ACTION ITEM: The data below should be retyped exactly, with the pictures left out.

DATA SHOWN:
*** Begin section ***

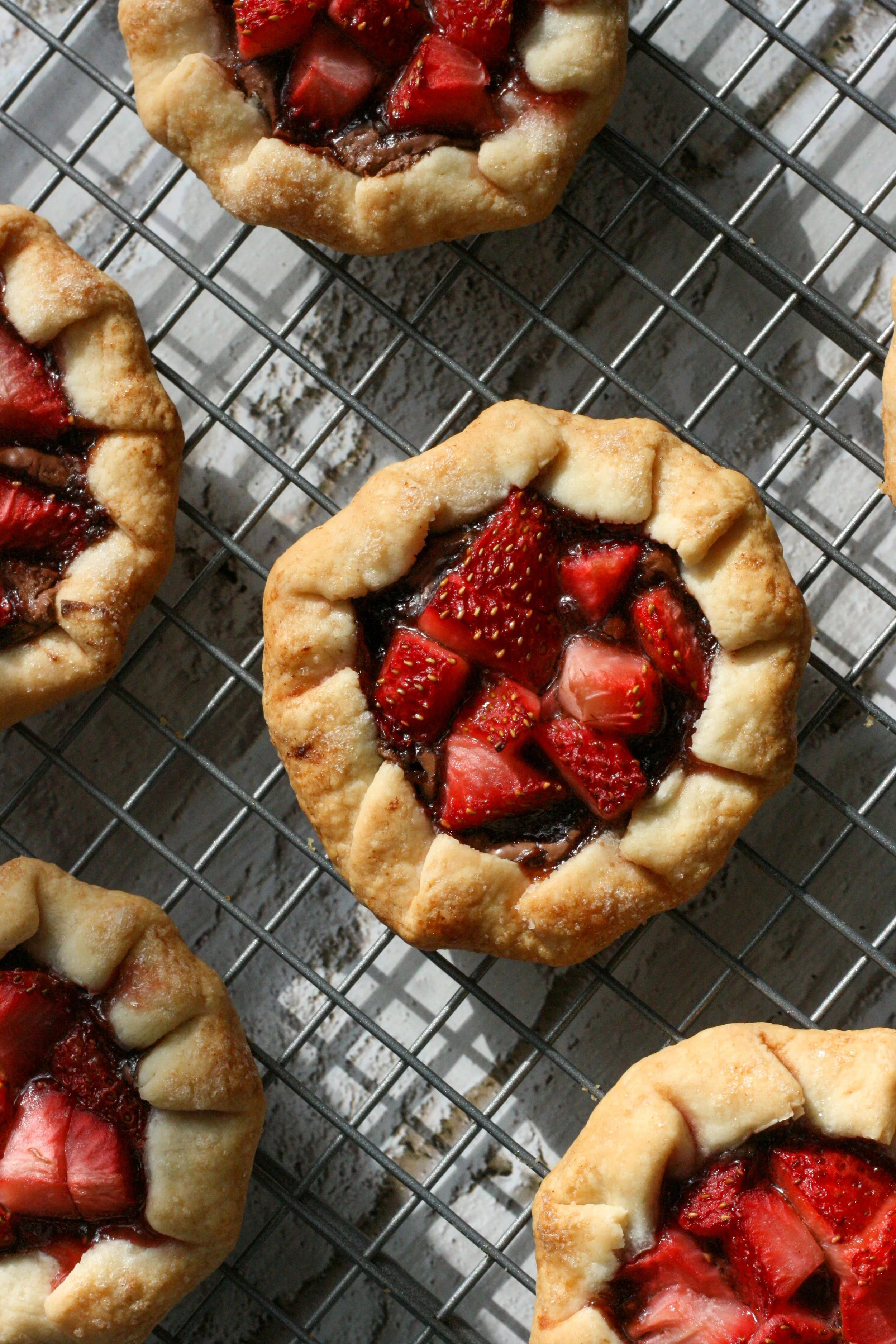 - For each small crust, spread 1 teaspoon of the Nutella in the center, leaving a 1 inch boarder. Top the Nutella with 1 tablespoon of strawberries. Crimp the edge of the pie crust, folding the boarder in towards the center.
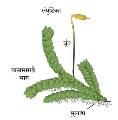 | ब्रायोफायटा | या वनस्पतींना प्रजननासाठी पाण्याची गरज असते. | मॉस |
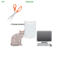STEP 12: If the random number is 2, we'll have the computer choose "paper" and make a paper sprite appear.
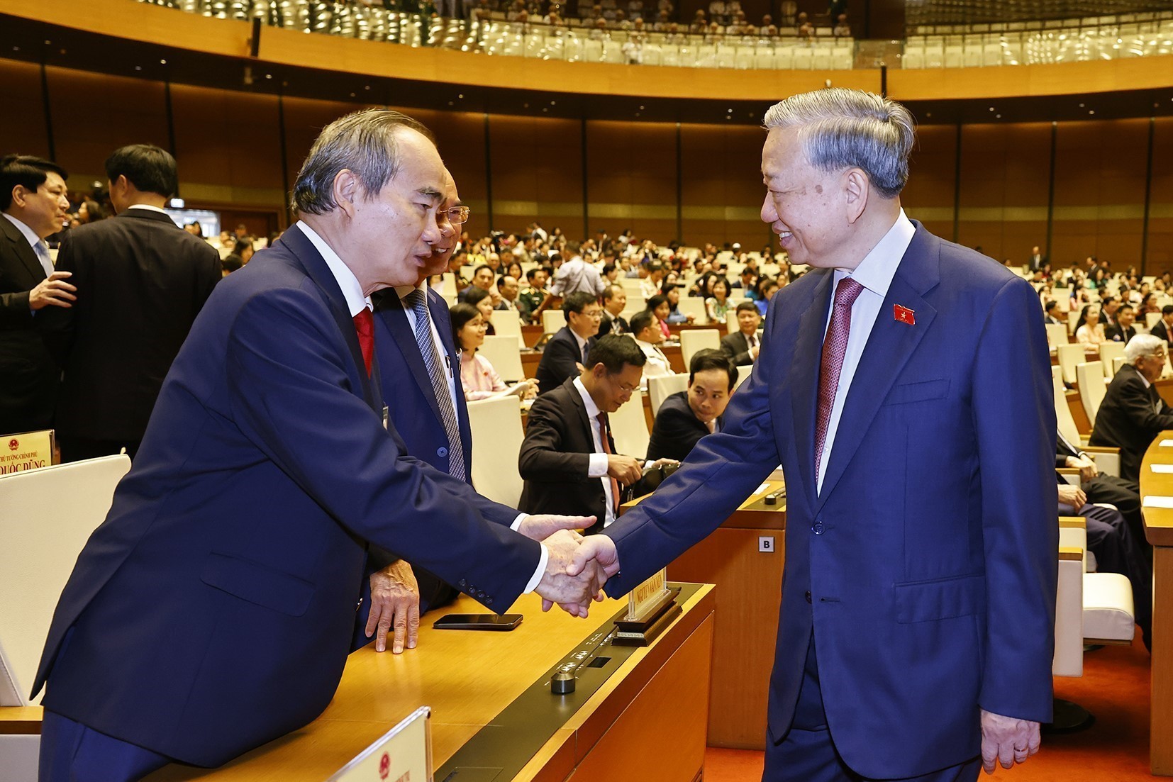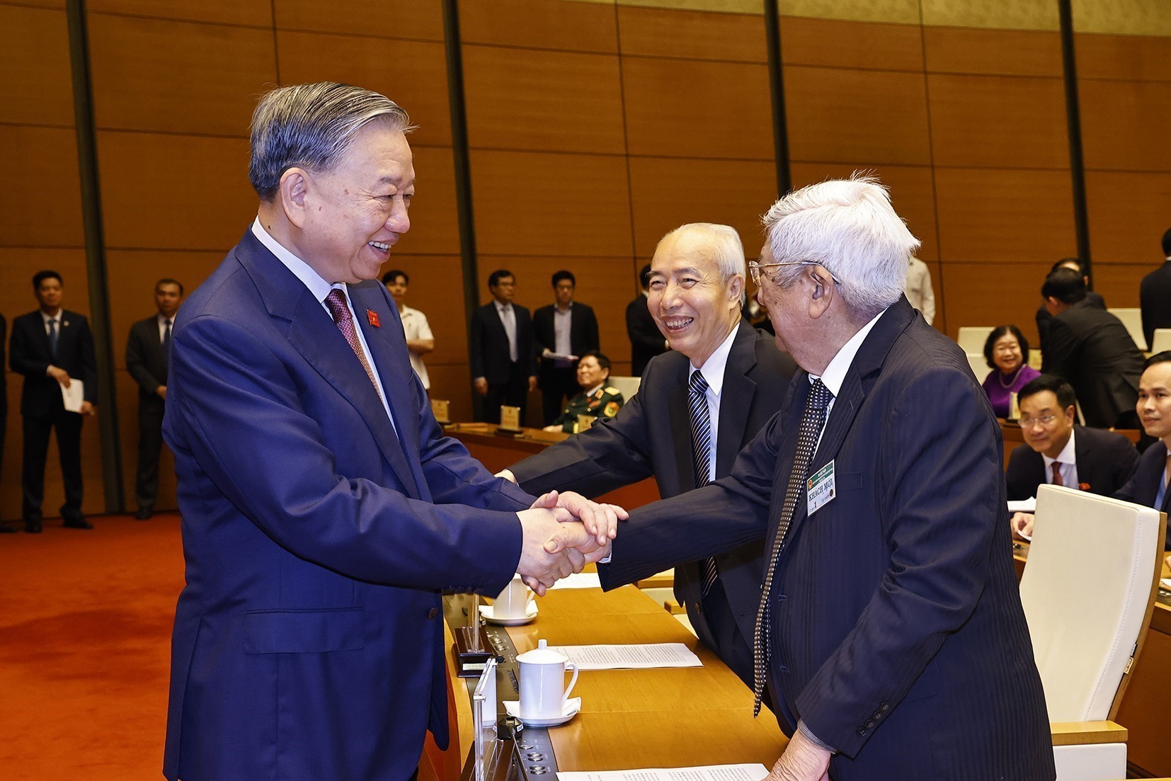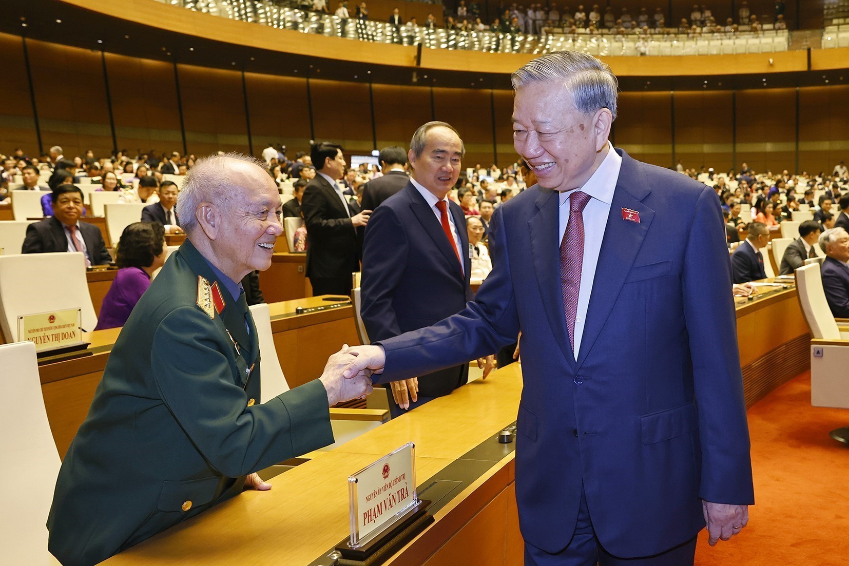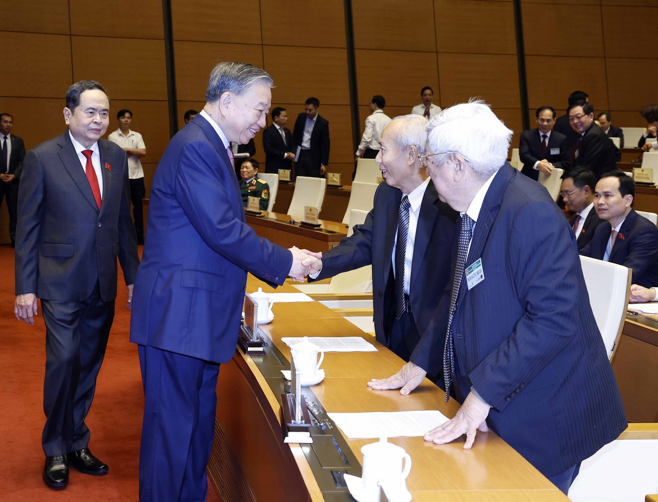 Tổng Bí thư Tô Lâm với các đồng chí nguyên lãnh đạo Đảng, Nhà nước dự khai mạc Kỳ họp thứ Nhất, Quốc hội khóa XVI

*** End section ***

OUTPUT OF THE EXERCISE:
 - For each small crust, spread 1 teaspoon of the Nutella in the center, leaving a 1 inch boarder. Top the Nutella with 1 tablespoon of strawberries. Crimp the edge of the pie crust, folding the boarder in towards the center.
 | ब्रायोफायटा | या वनस्पतींना प्रजननासाठी पाण्याची गरज असते. | मॉस |
STEP 12: If the random number is 2, we'll have the computer choose "paper" and make a paper sprite appear.
 Tổng Bí thư Tô Lâm với các đồng chí nguyên lãnh đạo Đảng, Nhà nước dự khai mạc Kỳ họp thứ Nhất, Quốc hội khóa XVI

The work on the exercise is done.